Organ Without Body (2019)
How do we create augmented reality by bringing the virtual world into the physical, rather than the other way around? Often nowadays, the concept of AR brings to mind creations like Snapchat filters, and Pokemon GO: screen-based realities that take in camera input and overlay it with virtual assets.
We wanted to deliver AR without the use of the screen, and show the virtual world without really showing it. By bringing it into the physical world, we would be able to make AR a shared experience. Jumping off that, we researched the idea of absence, of what was left behind, and came up with shadows.

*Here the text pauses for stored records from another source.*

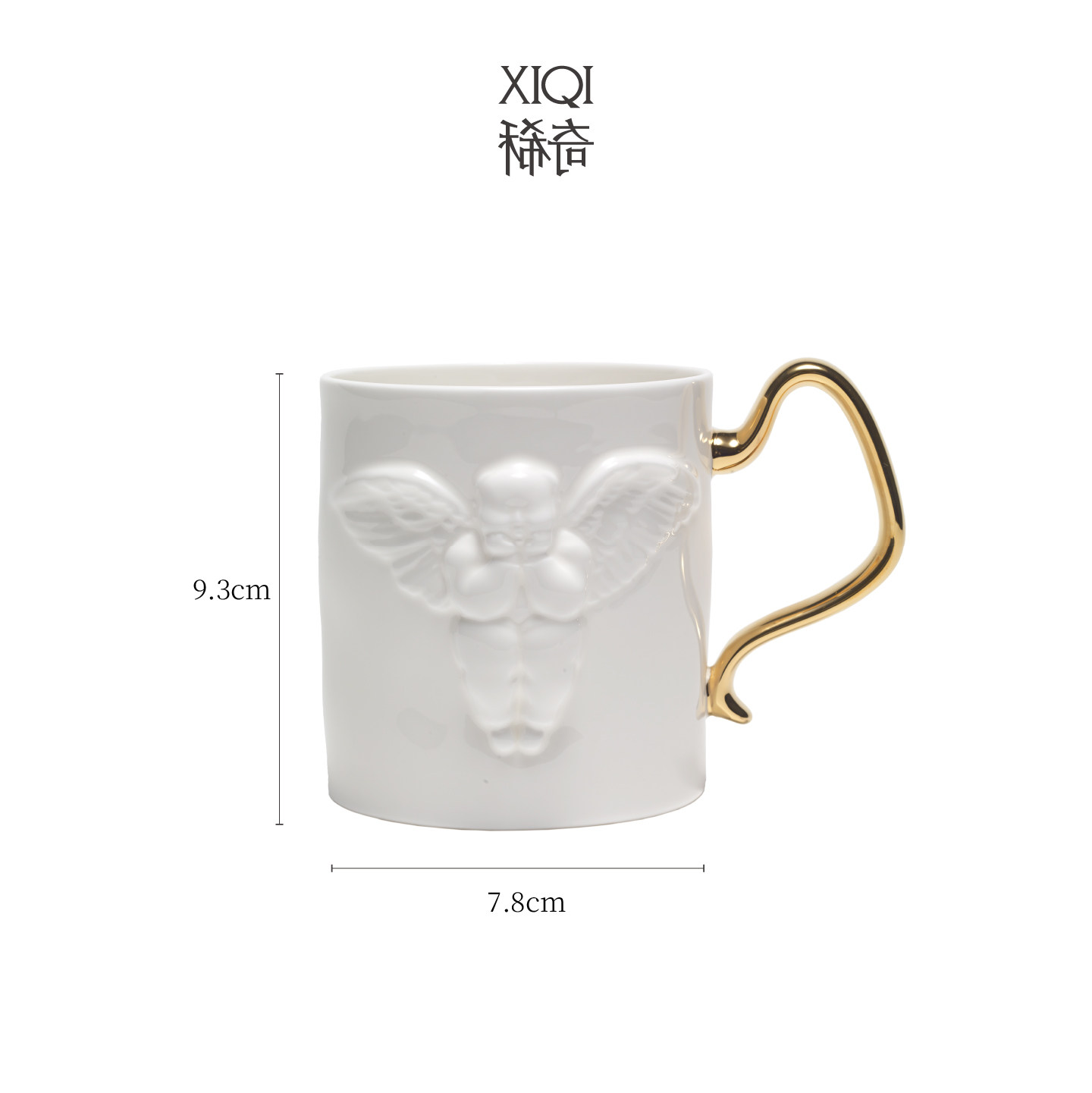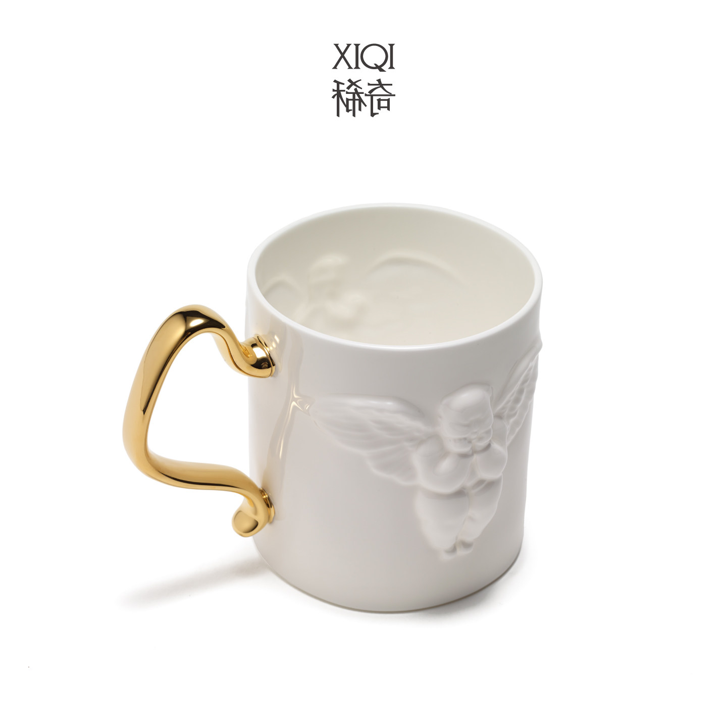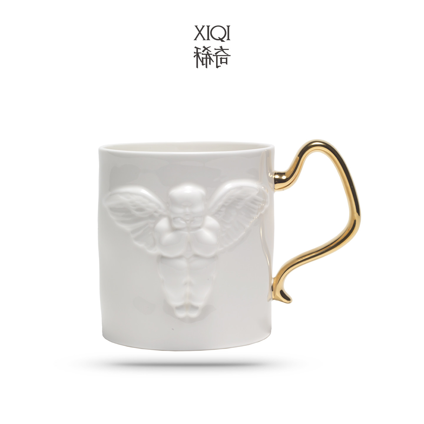 稀奇艺术天使浮雕红茶骨瓷杯子精美包装现代礼物日常送礼金色把手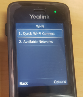 If you are unable to connect the phone to Wi-Fi or do not have access to another device, you can select ‘Available Networks‘ instead of ‘Quick Wi-Fi Connect’. If you select this option, you will have to select the correct SSID and enter the password in using the Yealink AX83H’s keyboard.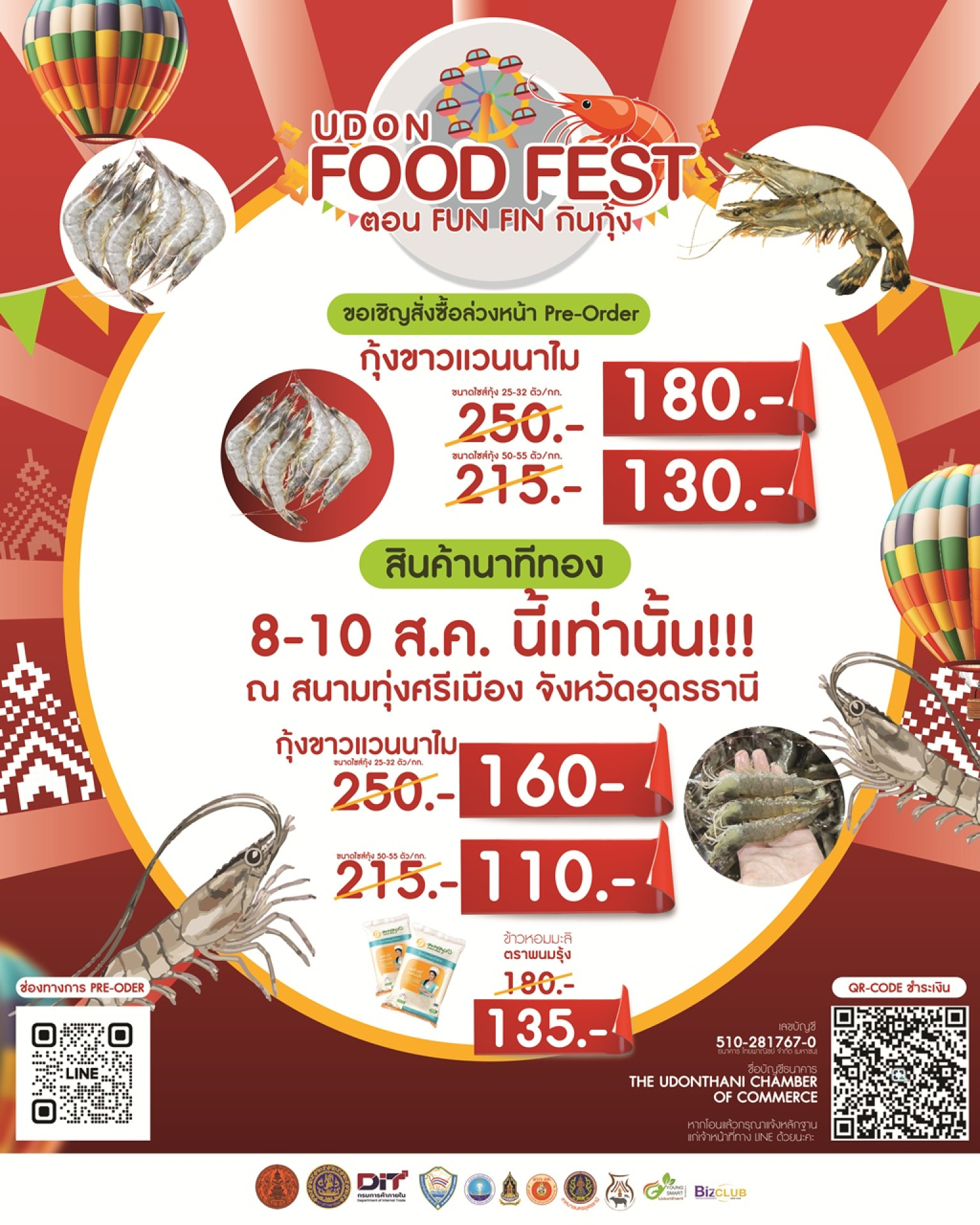 วันที่ 5 ส.ค.68 นายกัณฑ์พงศ์ สุระวรรณวิจิตร ประธานหอการค้าจังหวัดอุดรธานี เปิดเผยว่า หอการค้าจังหวัดอุดรธานี ได้ร่วมกับ สำนักงานพาณิชย์จังหวัดอุดรธานี จัดกิจกรรมรณรงค์การบริโภคสินค้ากุ้ง ภายในประเทศ ภายใต้โครงการพัฒนาและส่งเสริมศักยภาพการแข่งขันสินค้าประมง ปี 2568 โดยใช้ชื่องาน “UDON FOOD FEST” (FUN FIN กินกุ้ง) ระหว่างวันที่ 8 - 17 สิงหาคม 2568 ณ บริเวณสนามทุ่งศรีเมืองอุดรธานี โดยมีวัตถุประสงค์ เพื่อเพิ่มช่องทางการตลาดและขยายโอกาสทางการค้าให้แก่ผู้ประกอบการในกลุ่มสินค้าอาหารและเครื่องดื่ม รวมถึงสินค้า Non-Food สินค้าเกษตร โดยภายในงานมีการจำหน่ายสินค้ากุ้งแวนนาไม ในราคาพิเศษกว่าท้องตลาดและสินค้านาทีทอง รวมถึงอาหารที่ทำจากกุ้ง พร้อมกิจกรรมไฮไลต์ “แข่ง” แข่งขันกินกุ้ง สินค้าเกษตรแปรรูป สินค้าออร์แกนิก สินค้าเพื่อความยั่งยืน อาหารสำเร็จรูป และอาหารแห่งอนาคต ผ่อนคลายกับบรรยากาศสตรีทฟู้ด รวมเมนูเด็ดจากร้านดังของจังหวัดอุดรธานี และเพื่อเป็นการช่วยเกษตรกร (ต้นน้ำ) จากจังหวัดฉะเชิงเฉา และเป็นการรักษาเสถียรภาพราคาสินค้ากุ้ง โดยการเชื่อมโยงมายังจังหวัดอุดรธานีและจังหวัดใกล้เคียง จัดกิจกรรมส่งเสริมการขายดังรายละเอียดดังนี้

In Organ Without Body--the title an inversion of French philosopher Gilles Deleuze’s “body without organs”--we project the shadow of a virtual object in order to show the physicality of its existence. The plinth in the installation setup connotes the placement of an artwork, though it remains empty--physically. In the virtual world, a breathing heart beats atop the plinth, and the audience is clued in to that world by the moving shadow it “casts”. As well, a deep, reverbing heartbeat sound fills the room, as if it were emanating from the space above the plinth. It’s repetitive dialogue grounds the viewer in the scene, and further in reality.
Beyond that, an interactive component exists through the audience’s ability to control the spotlight and subsequently the visible shadow using a game controller. This ability to interact and interface with the object allows the audience to achieve a pseudo-physical feel of the volume of the beating heart, and creates a deeper, more interesting immersive experience.
Created in Unreal in partnership with Ahmed D.